● **What the task asks**: Return all the entries word for word, minus the pictures.

[Data to process Boundary: Start]

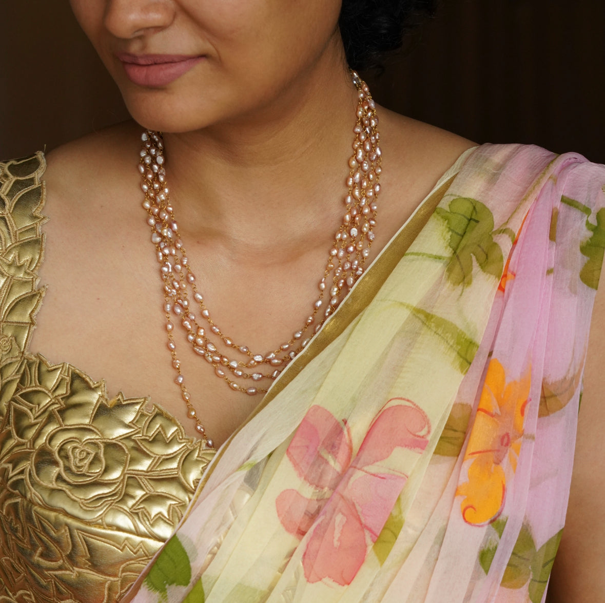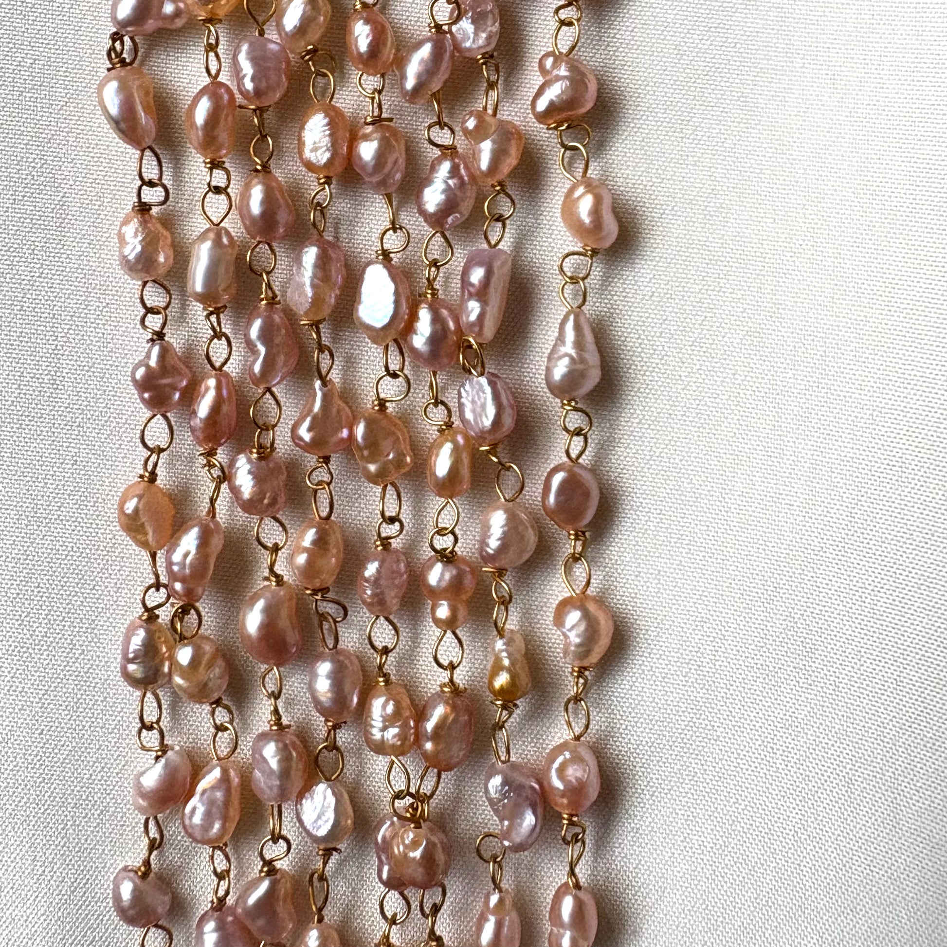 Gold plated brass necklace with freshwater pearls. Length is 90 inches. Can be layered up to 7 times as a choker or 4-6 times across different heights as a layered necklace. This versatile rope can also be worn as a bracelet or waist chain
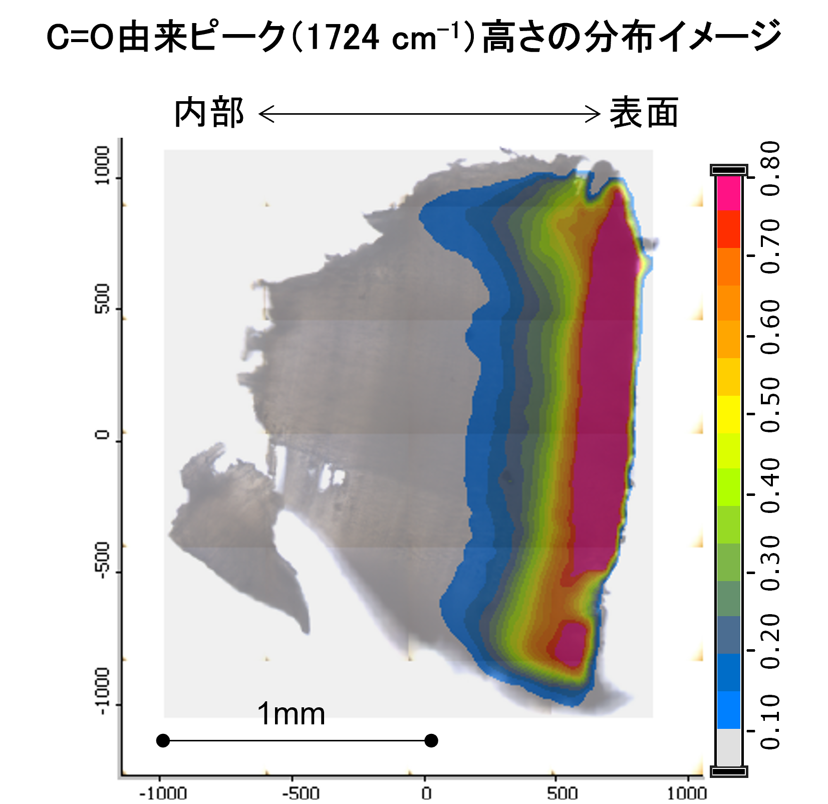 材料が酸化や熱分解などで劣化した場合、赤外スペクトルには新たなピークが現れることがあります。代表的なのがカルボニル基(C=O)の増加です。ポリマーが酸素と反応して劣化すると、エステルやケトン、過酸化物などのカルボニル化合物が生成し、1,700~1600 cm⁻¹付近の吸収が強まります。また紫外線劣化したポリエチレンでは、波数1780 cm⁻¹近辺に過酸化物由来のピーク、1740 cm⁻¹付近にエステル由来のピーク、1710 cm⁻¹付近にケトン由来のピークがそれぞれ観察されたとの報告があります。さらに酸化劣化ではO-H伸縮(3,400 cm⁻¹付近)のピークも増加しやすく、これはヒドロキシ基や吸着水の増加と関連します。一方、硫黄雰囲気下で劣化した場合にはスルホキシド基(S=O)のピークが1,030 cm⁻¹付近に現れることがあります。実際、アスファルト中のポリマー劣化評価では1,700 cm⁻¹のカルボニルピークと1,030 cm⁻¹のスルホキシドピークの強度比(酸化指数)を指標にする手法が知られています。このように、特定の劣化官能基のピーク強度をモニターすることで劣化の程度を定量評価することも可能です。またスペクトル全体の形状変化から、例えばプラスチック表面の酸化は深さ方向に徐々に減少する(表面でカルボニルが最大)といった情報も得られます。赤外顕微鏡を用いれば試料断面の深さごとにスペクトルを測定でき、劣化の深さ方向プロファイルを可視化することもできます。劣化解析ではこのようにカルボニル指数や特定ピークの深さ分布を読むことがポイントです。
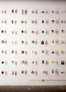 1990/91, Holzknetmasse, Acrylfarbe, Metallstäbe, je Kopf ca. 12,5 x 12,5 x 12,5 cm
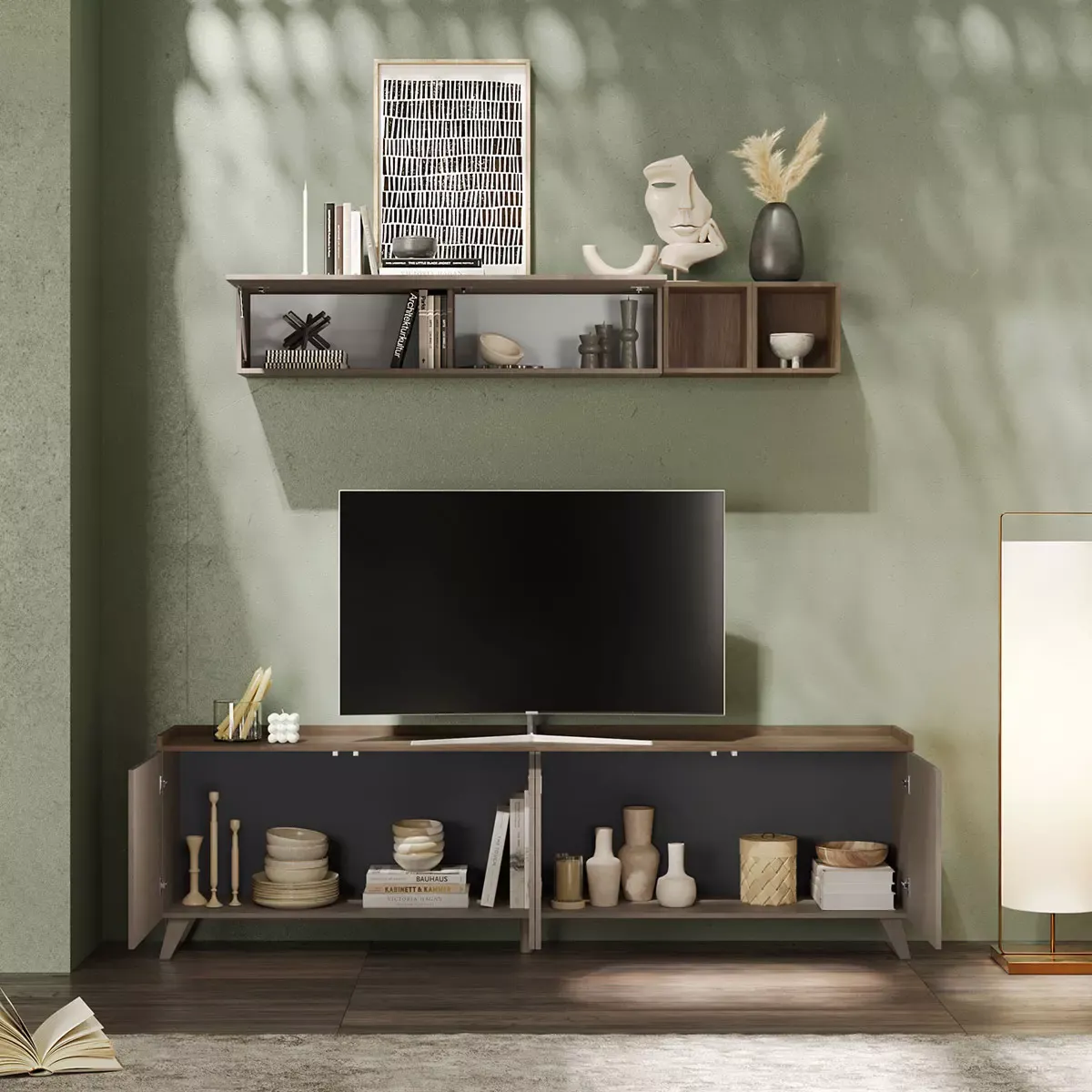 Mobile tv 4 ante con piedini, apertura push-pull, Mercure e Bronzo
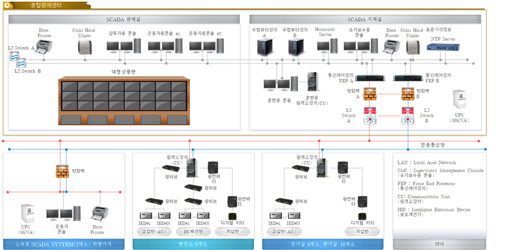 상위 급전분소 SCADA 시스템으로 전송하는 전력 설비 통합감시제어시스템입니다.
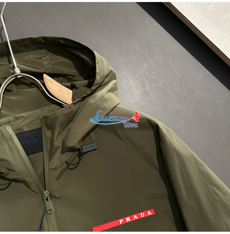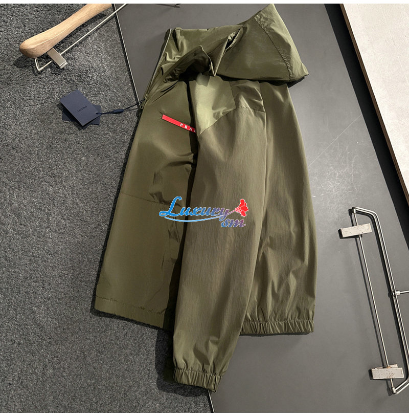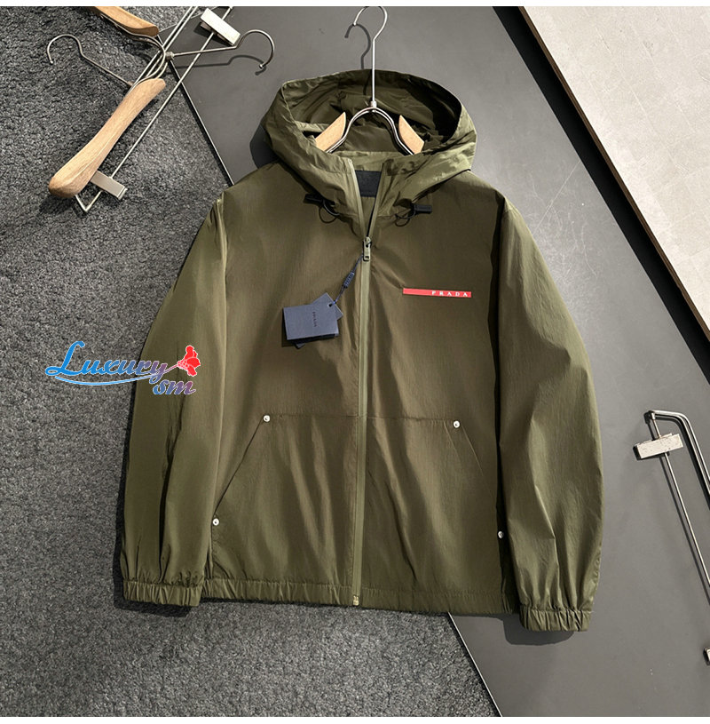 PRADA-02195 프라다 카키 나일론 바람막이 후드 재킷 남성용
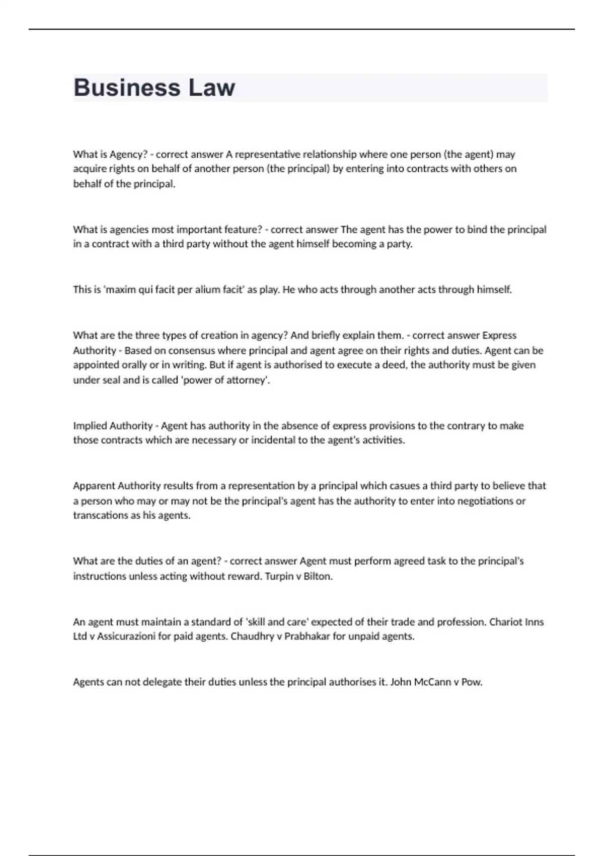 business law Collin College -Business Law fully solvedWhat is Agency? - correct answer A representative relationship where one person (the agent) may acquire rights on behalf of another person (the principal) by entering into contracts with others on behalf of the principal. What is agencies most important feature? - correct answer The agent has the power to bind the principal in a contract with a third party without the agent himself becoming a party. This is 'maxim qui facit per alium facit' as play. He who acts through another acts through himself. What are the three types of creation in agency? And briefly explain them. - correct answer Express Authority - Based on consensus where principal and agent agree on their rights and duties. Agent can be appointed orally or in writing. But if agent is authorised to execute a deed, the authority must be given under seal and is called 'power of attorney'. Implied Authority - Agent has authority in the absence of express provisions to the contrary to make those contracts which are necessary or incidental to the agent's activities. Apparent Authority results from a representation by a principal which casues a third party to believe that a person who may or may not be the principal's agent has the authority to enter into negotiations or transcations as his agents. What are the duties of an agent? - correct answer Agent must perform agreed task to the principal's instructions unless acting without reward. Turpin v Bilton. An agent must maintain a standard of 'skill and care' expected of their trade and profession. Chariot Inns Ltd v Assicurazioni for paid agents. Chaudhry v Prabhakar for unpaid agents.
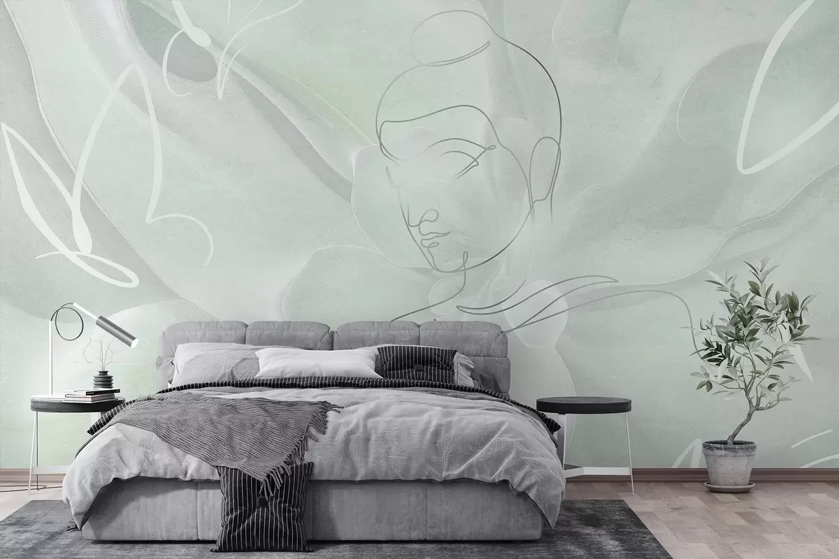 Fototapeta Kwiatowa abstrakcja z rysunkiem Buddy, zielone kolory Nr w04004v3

[Data to process Boundary: End]

● **Solution to this problem**:
 Gold plated brass necklace with freshwater pearls. Length is 90 inches. Can be layered up to 7 times as a choker or 4-6 times across different heights as a layered necklace. This versatile rope can also be worn as a bracelet or waist chain
 材料が酸化や熱分解などで劣化した場合、赤外スペクトルには新たなピークが現れることがあります。代表的なのがカルボニル基(C=O)の増加です。ポリマーが酸素と反応して劣化すると、エステルやケトン、過酸化物などのカルボニル化合物が生成し、1,700~1600 cm⁻¹付近の吸収が強まります。また紫外線劣化したポリエチレンでは、波数1780 cm⁻¹近辺に過酸化物由来のピーク、1740 cm⁻¹付近にエステル由来のピーク、1710 cm⁻¹付近にケトン由来のピークがそれぞれ観察されたとの報告があります。さらに酸化劣化ではO-H伸縮(3,400 cm⁻¹付近)のピークも増加しやすく、これはヒドロキシ基や吸着水の増加と関連します。一方、硫黄雰囲気下で劣化した場合にはスルホキシド基(S=O)のピークが1,030 cm⁻¹付近に現れることがあります。実際、アスファルト中のポリマー劣化評価では1,700 cm⁻¹のカルボニルピークと1,030 cm⁻¹のスルホキシドピークの強度比(酸化指数)を指標にする手法が知られています。このように、特定の劣化官能基のピーク強度をモニターすることで劣化の程度を定量評価することも可能です。またスペクトル全体の形状変化から、例えばプラスチック表面の酸化は深さ方向に徐々に減少する(表面でカルボニルが最大)といった情報も得られます。赤外顕微鏡を用いれば試料断面の深さごとにスペクトルを測定でき、劣化の深さ方向プロファイルを可視化することもできます。劣化解析ではこのようにカルボニル指数や特定ピークの深さ分布を読むことがポイントです。
 1990/91, Holzknetmasse, Acrylfarbe, Metallstäbe, je Kopf ca. 12,5 x 12,5 x 12,5 cm
 Mobile tv 4 ante con piedini, apertura push-pull, Mercure e Bronzo
 상위 급전분소 SCADA 시스템으로 전송하는 전력 설비 통합감시제어시스템입니다.
 PRADA-02195 프라다 카키 나일론 바람막이 후드 재킷 남성용
 business law Collin College -Business Law fully solvedWhat is Agency? - correct answer A representative relationship where one person (the agent) may acquire rights on behalf of another person (the principal) by entering into contracts with others on behalf of the principal. What is agencies most important feature? - correct answer The agent has the power to bind the principal in a contract with a third party without the agent himself becoming a party. This is 'maxim qui facit per alium facit' as play. He who acts through another acts through himself. What are the three types of creation in agency? And briefly explain them. - correct answer Express Authority - Based on consensus where principal and agent agree on their rights and duties. Agent can be appointed orally or in writing. But if agent is authorised to execute a deed, the authority must be given under seal and is called 'power of attorney'. Implied Authority - Agent has authority in the absence of express provisions to the contrary to make those contracts which are necessary or incidental to the agent's activities. Apparent Authority results from a representation by a principal which casues a third party to believe that a person who may or may not be the principal's agent has the authority to enter into negotiations or transcations as his agents. What are the duties of an agent? - correct answer Agent must perform agreed task to the principal's instructions unless acting without reward. Turpin v Bilton. An agent must maintain a standard of 'skill and care' expected of their trade and profession. Chariot Inns Ltd v Assicurazioni for paid agents. Chaudhry v Prabhakar for unpaid agents.
 Fototapeta Kwiatowa abstrakcja z rysunkiem Buddy, zielone kolory Nr w04004v3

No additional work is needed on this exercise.